5. Removing ‘Clear negative’ samples

“Clear negative” samples, defined as those exhibiting less than 30% foci reduction at the starting dilution (allowing a 20% margin to account for potential measurement error due to intra- or inter-batch variation), were excluded from curve fitting. This is reasonable because foci reduction decreases monotonically with dilution, indicating that the true response curves for such samples are highly unlikely to reach the 50% foci reduction threshold.

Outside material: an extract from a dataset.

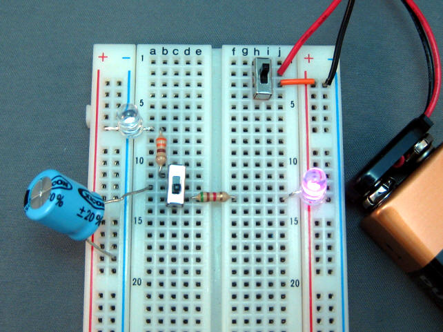 Pour vérifier que la LED1 utilise l'énergie du condensateur, et non celle de la batterie, pour s'allumer, essayez de nouveau votre circuit, mais débranchez la batterie après avoir chargé le condensateur.

sample_fitting <- df_sam %>% filter(dilution == 40) %>% 
  group_by(sam_id, bat_id) %>% 
  summarise(max_y = mean(FR)) %>% 
  filter(max_y > 0.3) %>% 
  arrange(sam_id) 
clear_neg <- df_sam %>% filter(!sam_id %in% sample_fitting$sam_id) 
clear_neg <- unique(clear_neg$sam_id)

# Assign new sample IDs after removing 'Clear negative' samples
# New IDs should be continuous and start from 1
sample_fitting$sam_id_new <- 1:nrow(sample_fitting)
# Keep only samples retained for curve fitting
df_sam <- df_sam %>% filter(sam_id %in% sample_fitting$sam_id)
# Join new sample IDs back to the main dataset
df_sam <- left_join(df_sam, sample_fitting[, c("sam_id", "sam_id_new")],
                    by = join_by(sam_id))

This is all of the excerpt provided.